▸ TASK TO COMPLETE:
Your copy should start at the line with "Участок производства шкафов" and end at the line with "NA | AR 60 |" in the data below. Transcribe only those lines, exactly, pictures excluded.

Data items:
- Opening Delimiter -
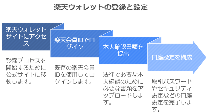 - 楽天ウォレットの登録手続きは簡単で、楽天IDを利用してスムーズに開始できる
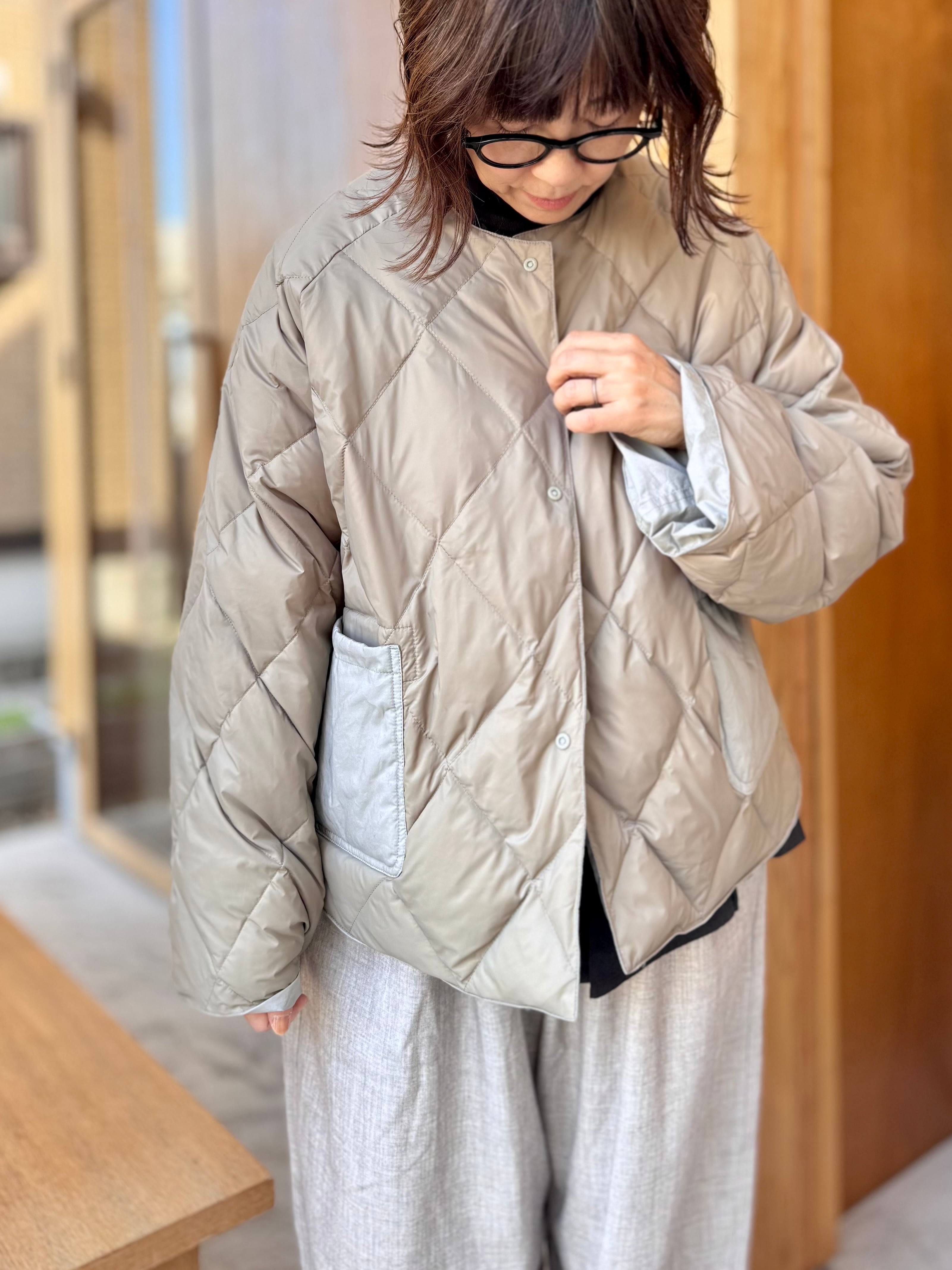 キルティング側はダイヤ型のステッチでポケットはコットン生地の切り替えになっています
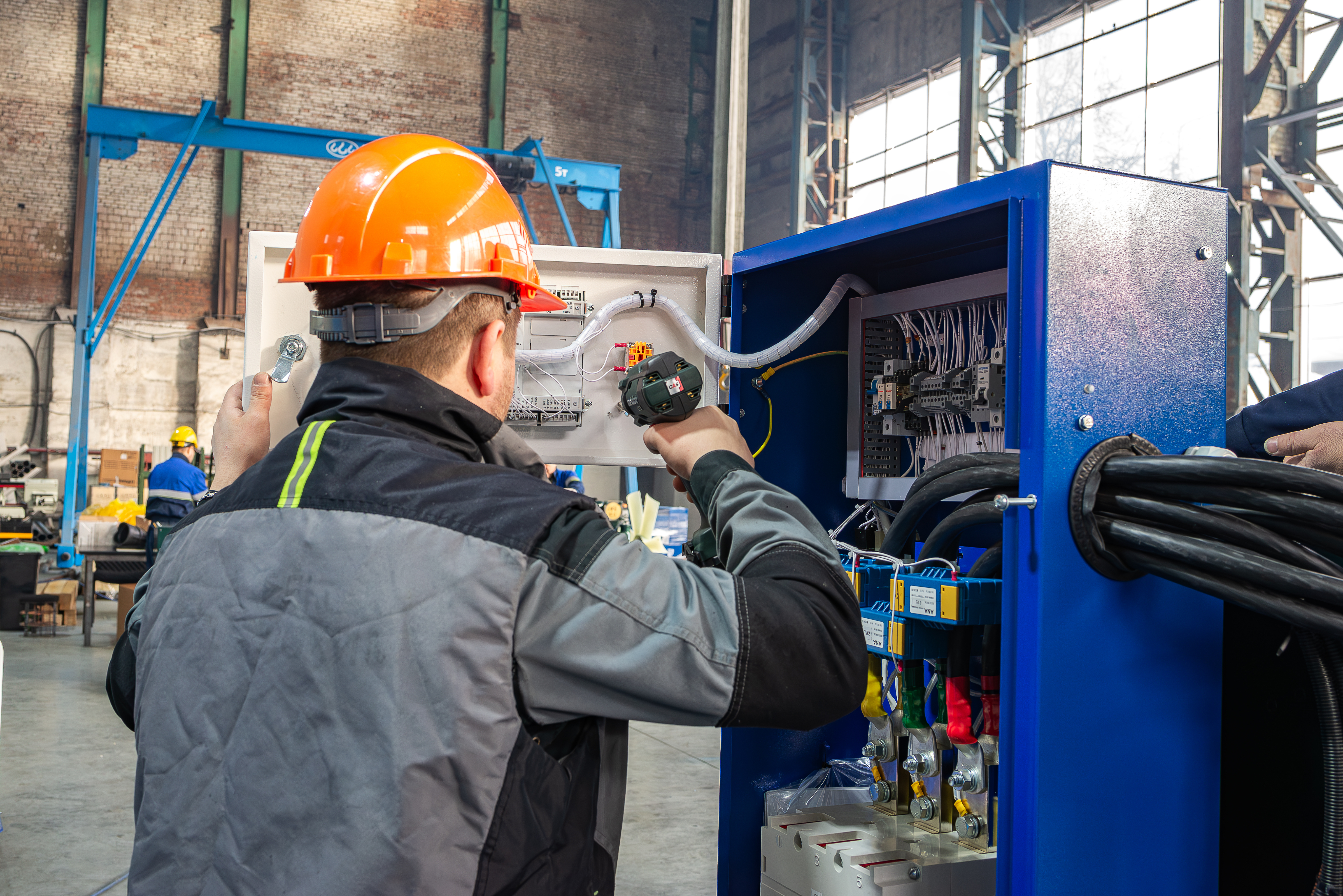 Участок производства шкафов управления электростанцией (ШУЭ) обеспечивает сборку изделий из листов качественного металла и монтаж электротехнических компонентов системы управления, включая силовые кабели, кнопку экстренного останова и другие компоненты.
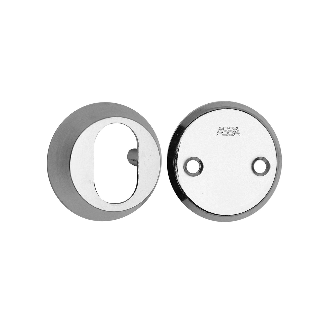 ASSA ABLOY | Cylinderbehör för yttre låsning samt dekorativ beslagning till dörrar där krav på godkänd låsning inte ställs. Cylinder på dörrens utsida och täckskylt för insidan. För montering tillsammans med oval enkelcylinder. Höjd på cylinderring och längd på skruv väljs beroende av dörrtjocklek, förnicklad.
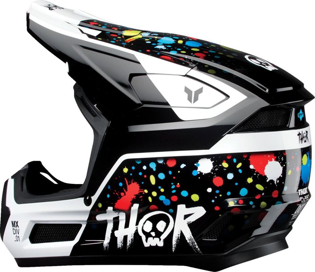 Youth Fleet Splat HelmetStrong and durable PC/ABS shell Energy Reduction Technology (ERT) helps to mitigate linear and rotational impact energy Premium dual-density EPS impact liner Nine intake / exhaust vent ports Flexible polyamide visor with 4-point snap-retention attachment Removable and washable comfort liner and cheek pads Nylon chinstrap with stainless steel D-ring retention system and snap secure feature
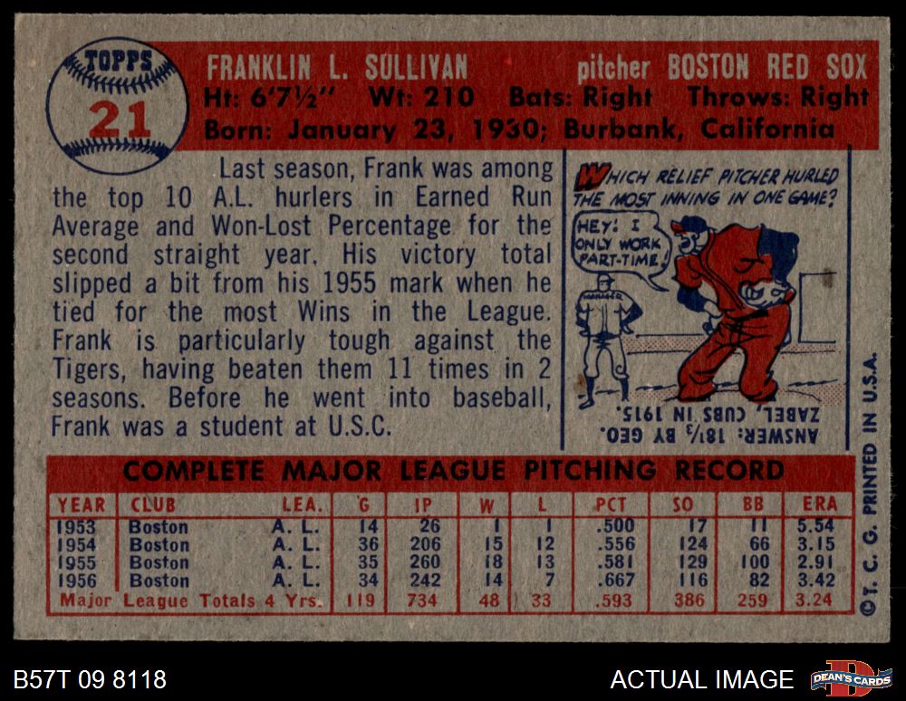 1957 Topps #21 Frank Sullivan 4.5 - VG/EX+
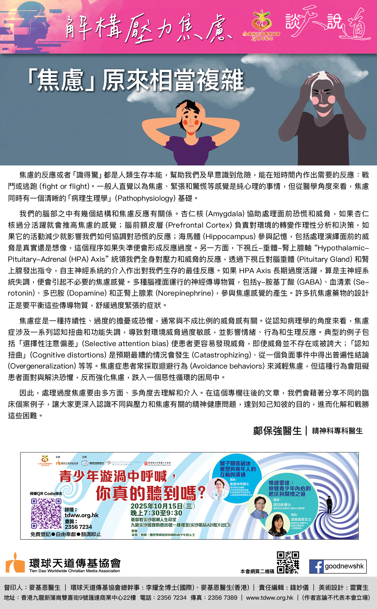 5. 大腦與神經生理因素:大腦中負責處理恐懼和情緒的區域(特別是杏仁核)可能過度活躍或功能異常。神經傳導物質(如血清素、GABA)系統失衡,也被認為與焦慮和恐懼反應的調節失常有關。
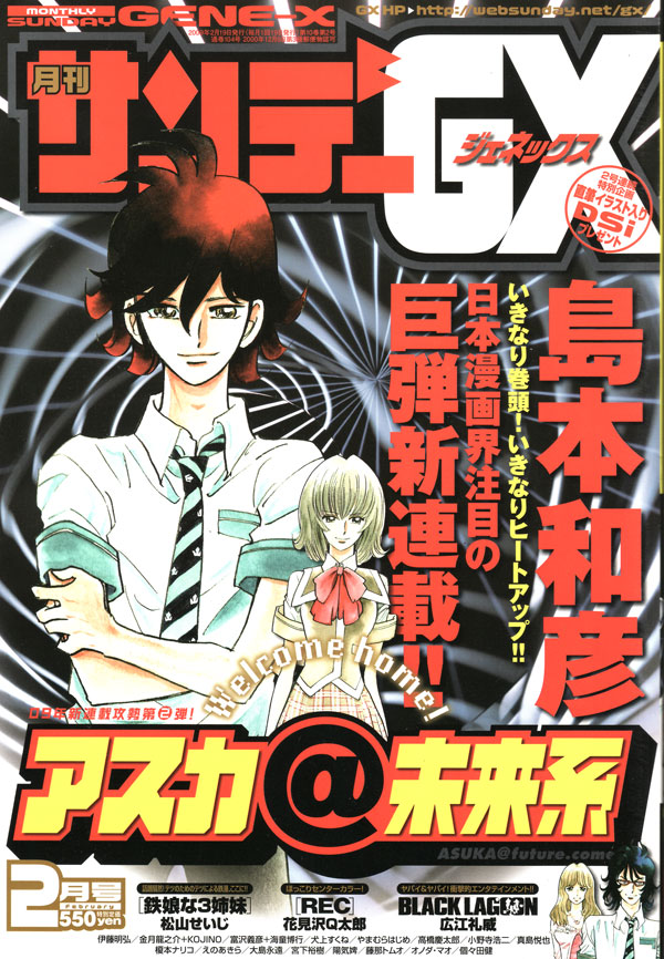 『アスカ@未来系』…未来から来たと言う大門アスカと女子高生上代愛果のボーイミーツガールもの(いや、ガールミーツボーイか)というんでしょうか。まだはっきりつかめません。軽くバトルも含まれていたり。ギャグの含まれ方は島本先生のこれまでの作品と同様のものです。今後どう展開していくか期待。
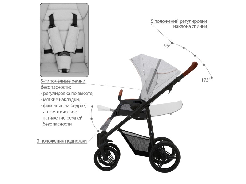 Регулируемые 5-точечные ремни безопасности с мягкими накладками на плечи.
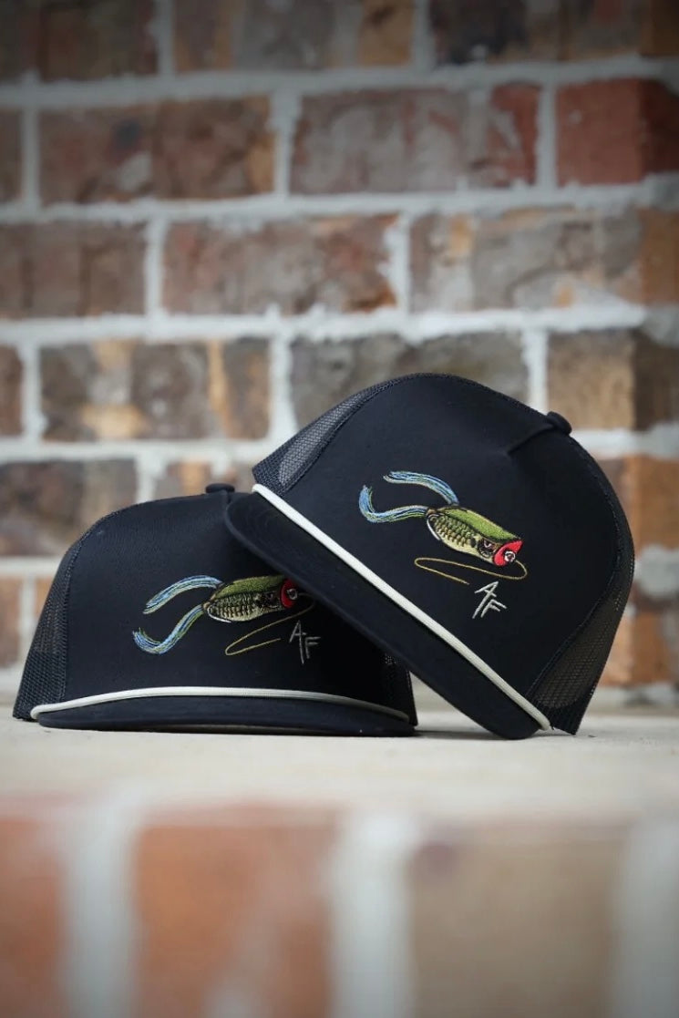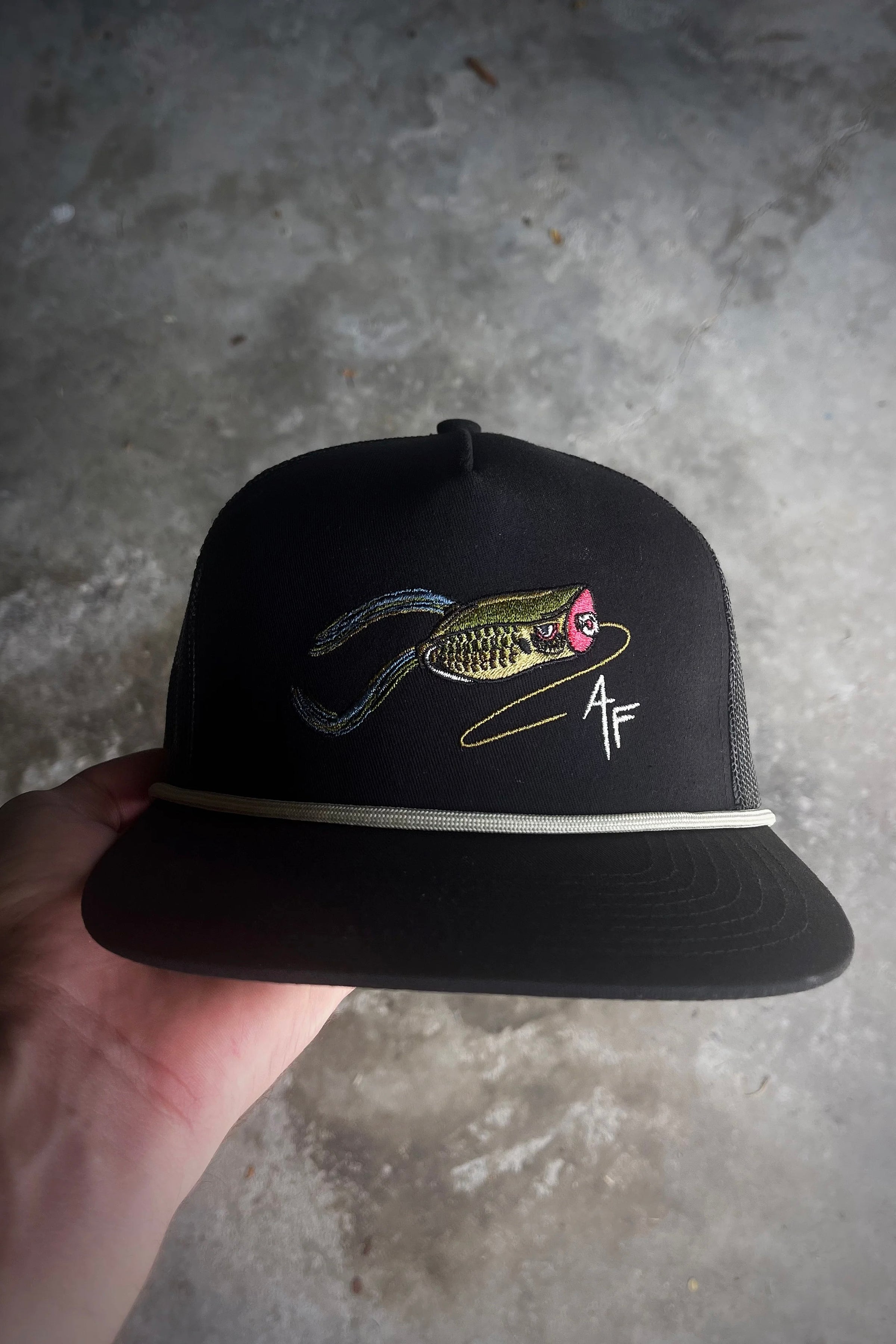 Our Frog - All Black Rope from American Fetcher is a custom 5-panel trucker hat designed for everyone. This hat comes with an adjustable snapback, ensuring a comfortable fit. As a pioneer in detailed hat designs, American Fetcher has brought the outdoors to you with this hat.
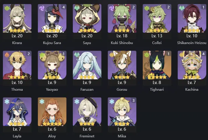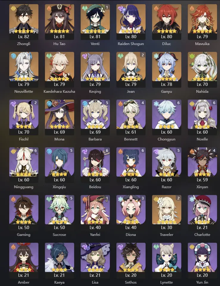 NA | AR 60 | 14 3 Leg | Venti C1 | Tighnari C1 | Zhongli | Hu Tao | Raiden | Neuvillette | Kazuha | Mavuika | Ganyu |
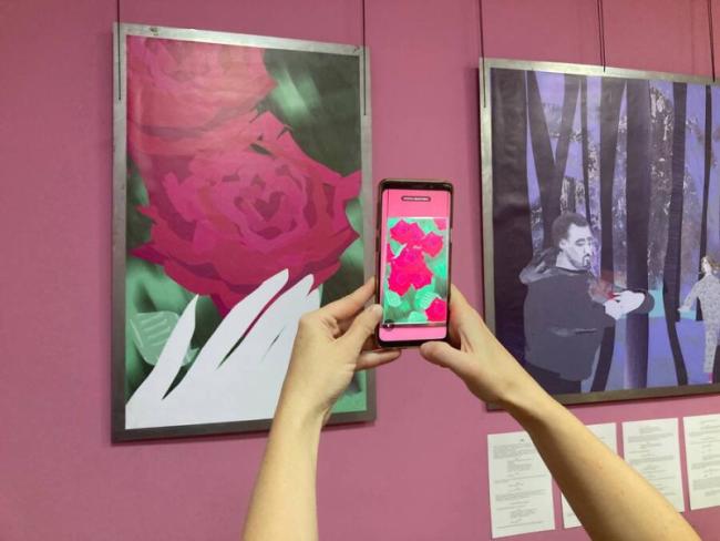 Скачав мобильное приложение и наведя смартфон на картину, зритель может увидеть короткий анимированный ролик. Изобразительная история оживает с помощью дополненной реальности едва ли не по-настоящему. Так приобретается объём и сюжет, не в лингвистическом смысле, а вполне себе в мультипликационном. Оживают полотна-принты: сложные композиции, портреты и пейзажи. Мы слышим шум волн и автоматные выстрелы.
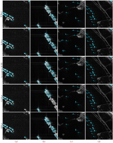 Figure 11 and Figure 12 show four visualization examples of all the comparison networks on the SSDD dataset and RSDD dataset, respectively. In Figure 11, (a) is the scene of a single ship berthing in a dock, (b) is the scene of parallel ships berthing in a dock, (c) is the scene of multiple parallel ships berthing in a dock, and (d) is the scene of multiple ships sailing in the water region. In Figure 12, (a) is the scene of the ships berthing on one side of a dock, (b) is the scene of the ships berthing on both sides of a dock, and (c) and (d) are the scene of ships sailing on the water region. From the two figures, we can see that the parallel berthing arrangement and the non-ship objects in the dock have a bad influence on the output RB-Boxes. For example, in Figure 11a–c and in Figure 12a,b, there are a large number of missing alarms and false alarms in the results of comparison networks. How to distinguish the different parallel ships is especially a hard barrier to all comparison networks, which predict the parallel ships to one single ship. Because of the interference of textures and shapes of isles or other ship-like objects, it is difficult for comparison networks to detect ships in the water region. In Figure 11d and Figure 12c,d, there are also a large number of missing alarms and false alarms in the results of comparison networks. However, in the results of our SRNet, for the scene of multiple parallel ships berthing in a dock, almost all the parallel ships can be distinguished by the SRNet, and the RB-Boxes almost have the accurate shapes and location, that can be seen in Figure 11a–c and Figure 12a,b. This is mainly because the DAM provides the representative features for regression so that the RB-Boxes can grasp the shapes and locations of ships. Moreover, allocating samples by the AIoU threshold makes the features at the bow and stern trained effectively, which helps distinguish the parallel ships. For the scene of multiple ships sailing in the water region, there are fewer missing alarms or false alarms in the results of the SRNet, and almost all RB-Boxes have the rational classification scores, which can be seen in Figure 11d and Figure 12c,d. This is mainly because the DAM in the SRNet can provide the representative features to produce accurate classification scores so that the ships can be accurately detected, and the docks can be distinguished.
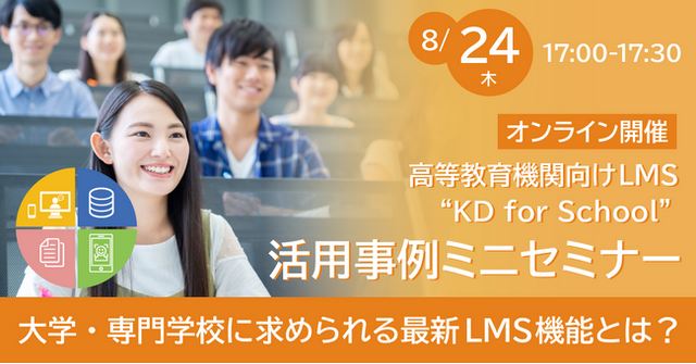 本セミナーでは、通信制大学様のノウハウをもとに、通学、通信、リカレント教育にも使っていただけるよう、これまでカスタマイズしてご提供してきた機能「KnowledgeDeliver for School」(以下、KD for school)をご紹介いたします。ウィズコロナ、アフターコロナの状況でも学びを止めないための工夫や受講者様、管理者様に便利な機能をご参照ください。
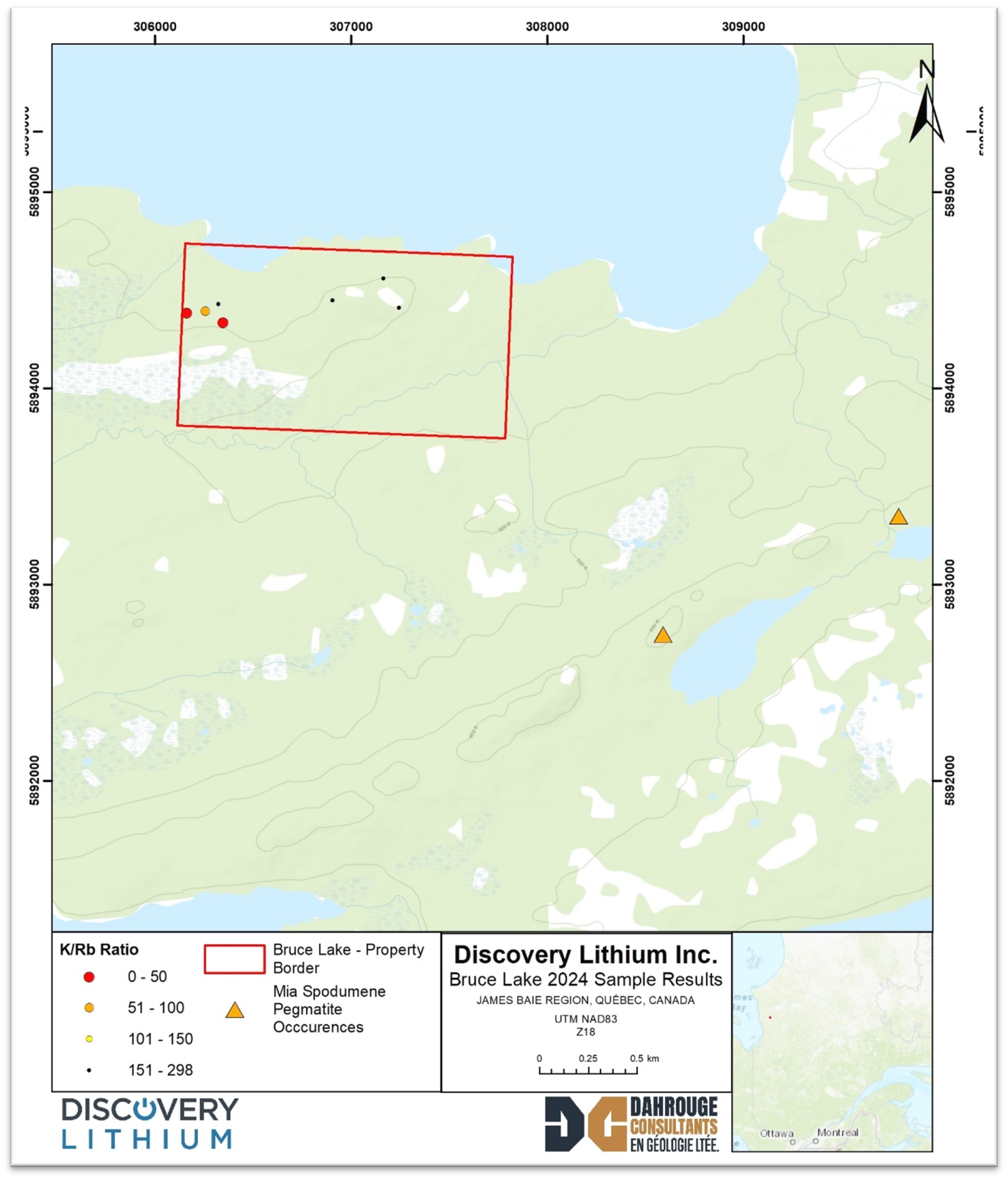 The Bruce Lake Property is adjacent to Q2 Metals' Mia Lithium project. During the 2024 Fall program, three pegmatite samples were collected from the western portion of the Bruce Lake Property (Figure 2). These pegmatites form dykes up to three meters wide and contain quartz, feldspar, garnet, and muscovite. The dykes are injected into the granodiorite of the Duncan Suite, indicating a favorable lithology for hosting LCT pegmatites, in addition to the volcanic rocks of the Yasinski Group. The three sampled pegmatite dykes returned favorable K/Rb ratios (<62), linking them to a highly differentiated magma, characteristic of LCT pegmatites.
- Closing Delimiter -
▸ OUTPUT FOR THIS EXERCISE:
 Участок производства шкафов управления электростанцией (ШУЭ) обеспечивает сборку изделий из листов качественного металла и монтаж электротехнических компонентов системы управления, включая силовые кабели, кнопку экстренного останова и другие компоненты.
 ASSA ABLOY | Cylinderbehör för yttre låsning samt dekorativ beslagning till dörrar där krav på godkänd låsning inte ställs. Cylinder på dörrens utsida och täckskylt för insidan. För montering tillsammans med oval enkelcylinder. Höjd på cylinderring och längd på skruv väljs beroende av dörrtjocklek, förnicklad.
 Youth Fleet Splat HelmetStrong and durable PC/ABS shell Energy Reduction Technology (ERT) helps to mitigate linear and rotational impact energy Premium dual-density EPS impact liner Nine intake / exhaust vent ports Flexible polyamide visor with 4-point snap-retention attachment Removable and washable comfort liner and cheek pads Nylon chinstrap with stainless steel D-ring retention system and snap secure feature
 1957 Topps #21 Frank Sullivan 4.5 - VG/EX+
 5. 大腦與神經生理因素:大腦中負責處理恐懼和情緒的區域(特別是杏仁核)可能過度活躍或功能異常。神經傳導物質(如血清素、GABA)系統失衡,也被認為與焦慮和恐懼反應的調節失常有關。
 『アスカ@未来系』…未来から来たと言う大門アスカと女子高生上代愛果のボーイミーツガールもの(いや、ガールミーツボーイか)というんでしょうか。まだはっきりつかめません。軽くバトルも含まれていたり。ギャグの含まれ方は島本先生のこれまでの作品と同様のものです。今後どう展開していくか期待。
 Регулируемые 5-точечные ремни безопасности с мягкими накладками на плечи.
 Our Frog - All Black Rope from American Fetcher is a custom 5-panel trucker hat designed for everyone. This hat comes with an adjustable snapback, ensuring a comfortable fit. As a pioneer in detailed hat designs, American Fetcher has brought the outdoors to you with this hat.
 NA | AR 60 | 14 3 Leg | Venti C1 | Tighnari C1 | Zhongli | Hu Tao | Raiden | Neuvillette | Kazuha | Mavuika | Ganyu |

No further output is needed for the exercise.